Lenz L L, Dere B, Bevan M J
Department of Immunology, University of Washington, Seattle, 98195, USA.
Immunity. 1996 Jul;5(1):63-72. doi: 10.1016/s1074-7613(00)80310-6.
Using expression cloning, we have identified an H2-M3-restricted epitope of the intracellular bacterial pathogen Listeria monocytogenes. Picomolar concentrations of an amino-terminal N-formylated hexapeptide, fMIGWII, targeted cells for lysis by CD8+ cytotoxic T cells, while the nonformylated peptide was approximately 100-fold less active. The sequence of the 185 aa protein source of this epitope predicts a transmembrane protein that retains its N terminus and assumes an N(out)-C(in) topology. This membrane orientation offers an explanation for the protection of the epitope from deformylases present in the bacterial cell and suggests an explanation for the ability of phagocytes to present H2-M3-restricted bacterial epitopes via a vacuolar TAP-independent mechanism.

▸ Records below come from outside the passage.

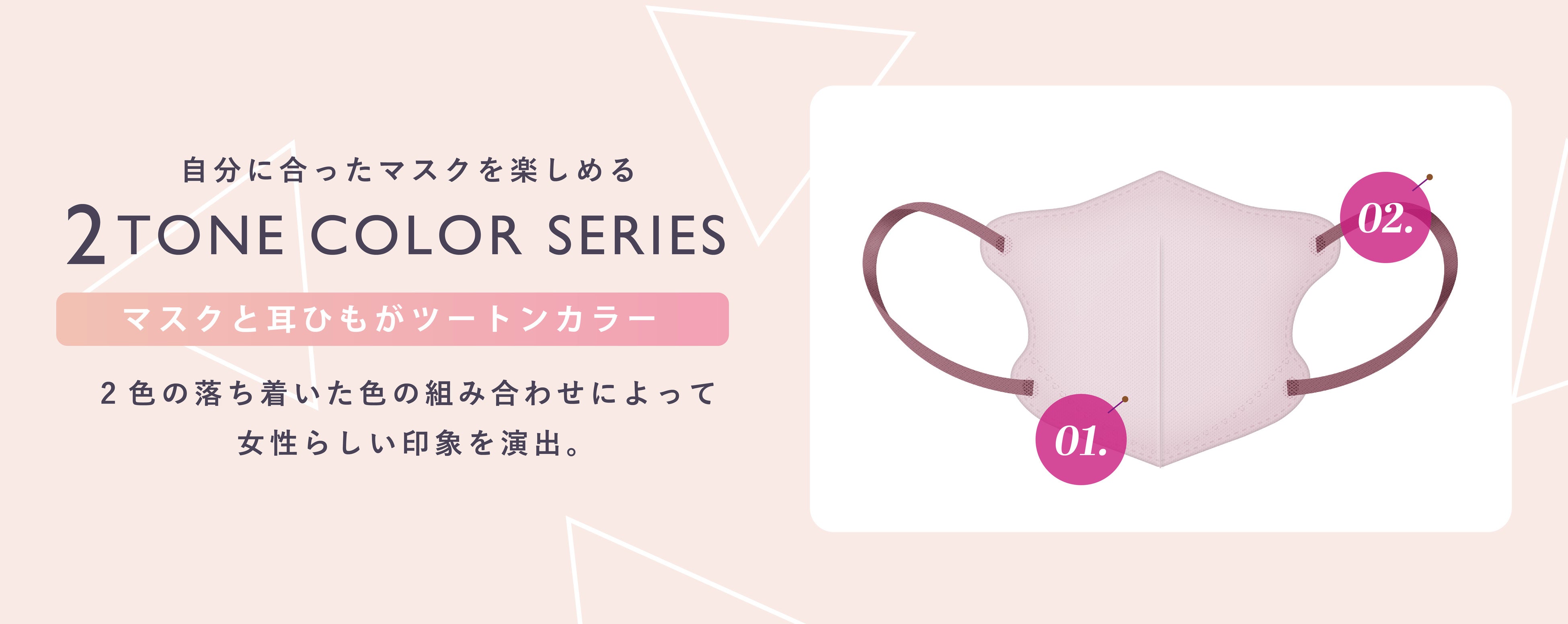 マスク本体と耳ひもがツートンカラーになった2つの配色は、落ち着いた色の組み合わせによって女性らしい印象を演出します。約0.1㎛(マイクロメートル)サイズの粒子を99.9%ろ過(捕集)できるフィルターを採用し、国際的な基準を満たした証明のISO(9001)と、適正な商品であることを証明するCE/FDAマークを取得し、徹底した品質管理の下に生産された安全な不織布マスクです。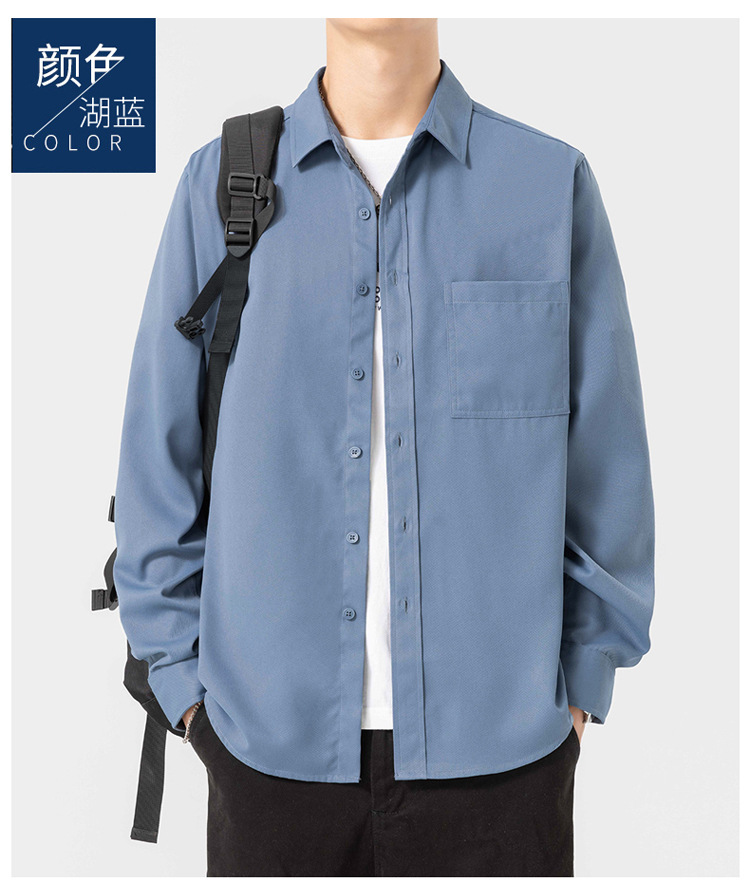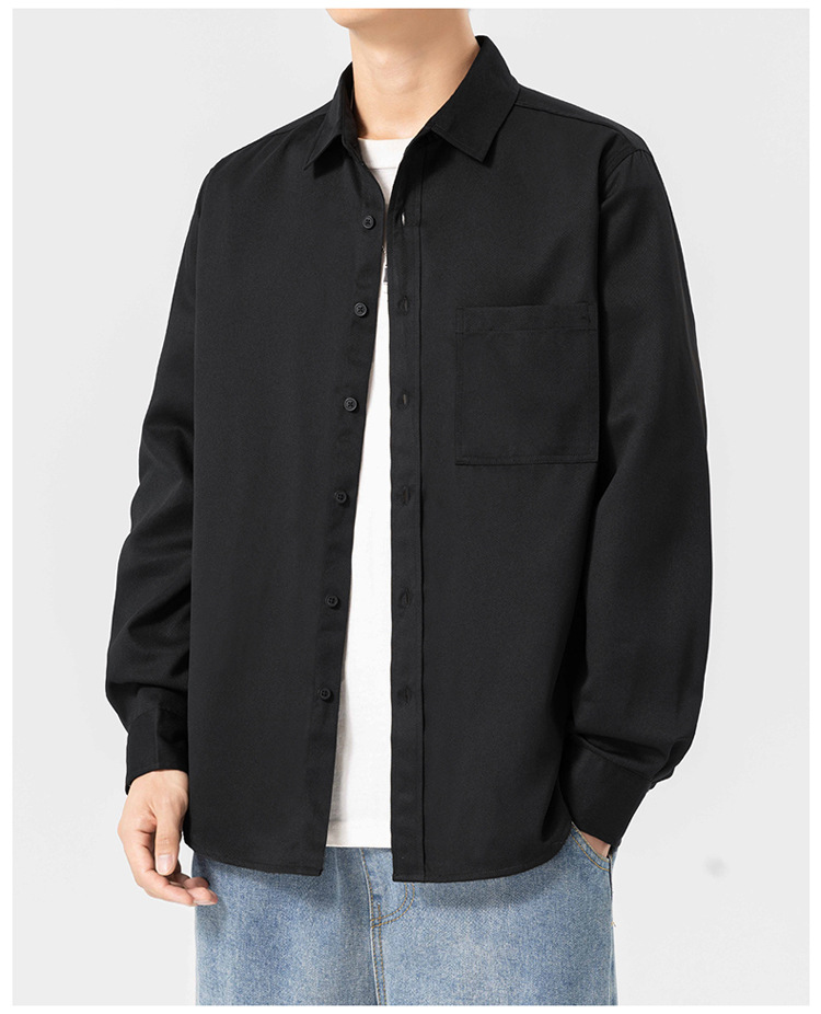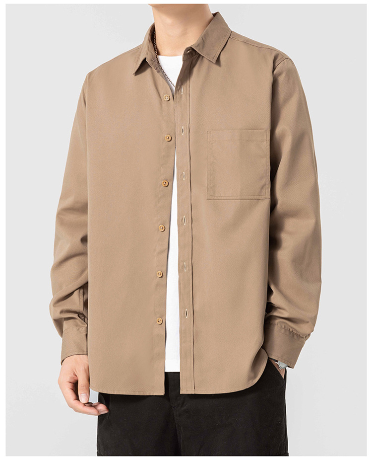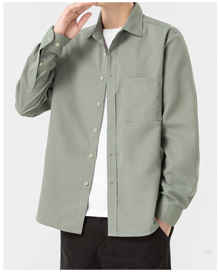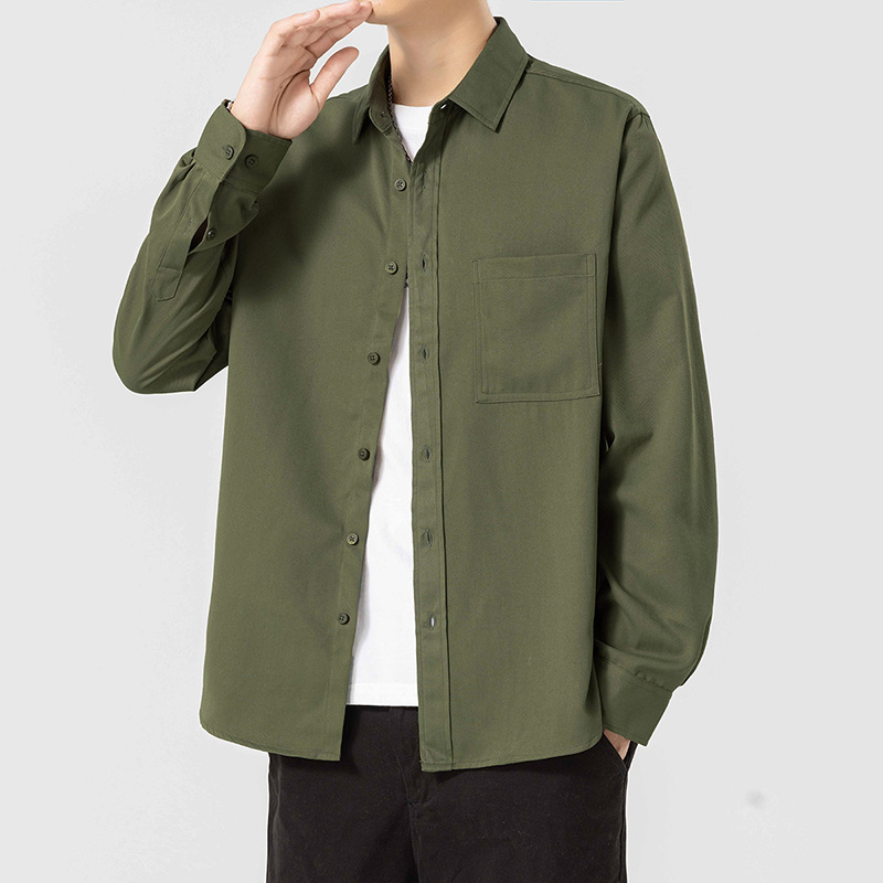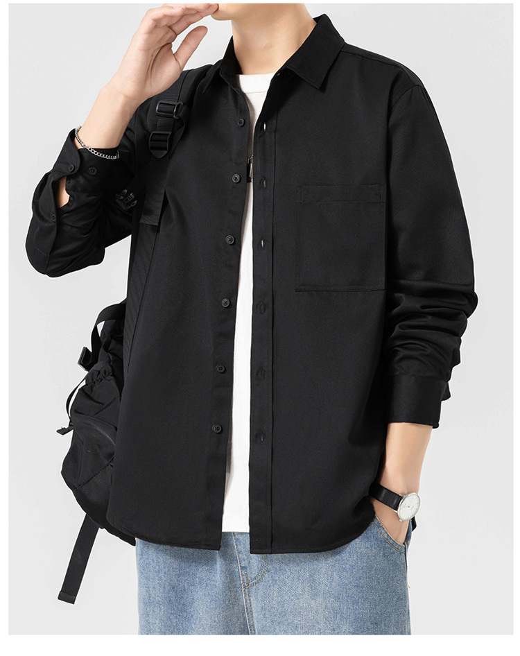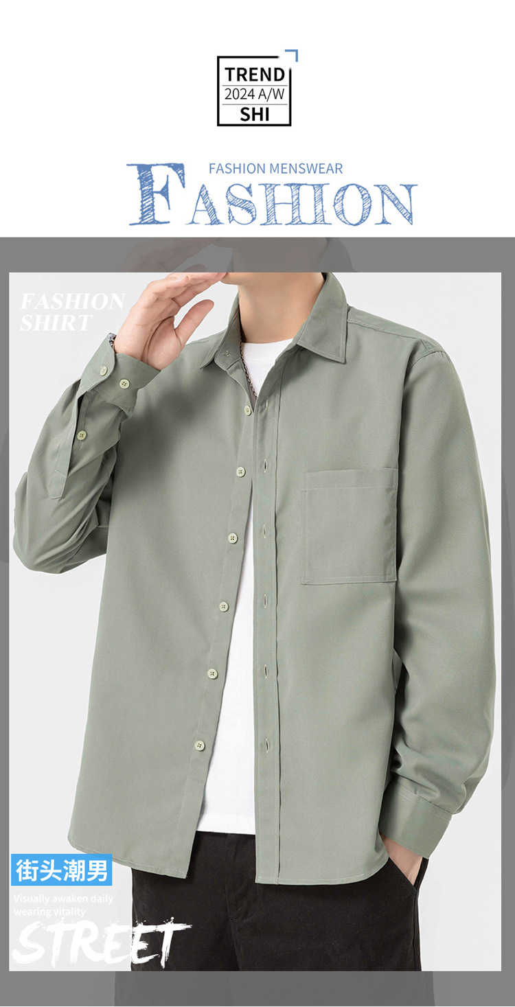 가을 2024 남자 긴팔 셔츠 청소년 캐주얼 솔리드 컬러 느슨한 홍콩 스타일 유행 작업복 셔츠 자켓 남성 의류스토어 가기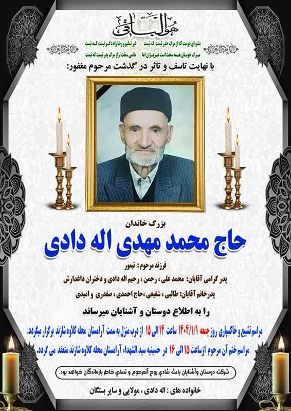 با نهایت تأثر مطلع شدیم، جناب آقای محمدعلی اله دادی، مسئول محترم دفتر انجمن در استان مرکزی در عزای فقدان پدر بزرگوارشان نشسته اند.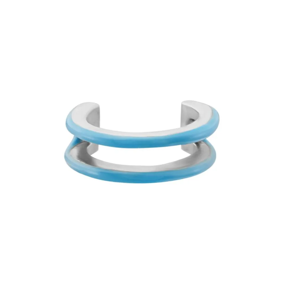 Bague D’oreille Unitaire Argent Blanc 925/1000 Double Anneaux Email Bleu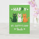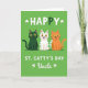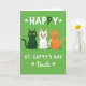 Designed with three stylized cats lined up in a neat row on a deep green background, the scene feels festive and friendly 💚. On the left sits an emerald-green cat with shining golden eyes, angled slightly toward the others as if keeping close. In the center, a white cat dotted with green polka dots grins with an open mouth, leaning into the group like a cheerful friend. On the right, a warm ginger cat faces inward too, its relaxed posture echoing the easy closeness between the trio ☘️. Across the top, large white text reads “HAPPY,” with small white shamrocks tucked around the letters, and the “P” is a darker green that matches the left cat. Below the cats, the line “ST. CATTY’S DAY” appears in white, with “Uncle” set beneath it, also in white, with more tiny shamrocks as accents. The cats are outlined with simple, crisp lines, and the green background stays solid and even behind them.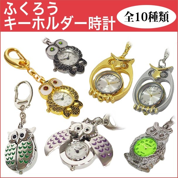 mbb709送料無料ポイント消化ふくろう時計キーホルダー時計バックチャームフクロウキーホルダーウォッチ時計梟デザイン小さい可愛いおしゃれ

通过表达克隆,我们鉴定出细胞内细菌病原体单核细胞增生李斯特菌的一个受H2-M3限制的表位。皮摩尔浓度的氨基末端N-甲酰化六肽fMIGWII可靶向细胞,使其被CD8+细胞毒性T细胞裂解,而非甲酰化肽的活性则低约100倍。该表位的185个氨基酸蛋白质来源的序列预测为一种跨膜蛋白,其保留了N末端并呈现N(外)-C(内)拓扑结构。这种膜方向解释了该表位免受细菌细胞中存在的去甲酰化酶影响的原因,并为吞噬细胞通过液泡TAP非依赖机制呈递受H2-M3限制的细菌表位的能力提供了解释。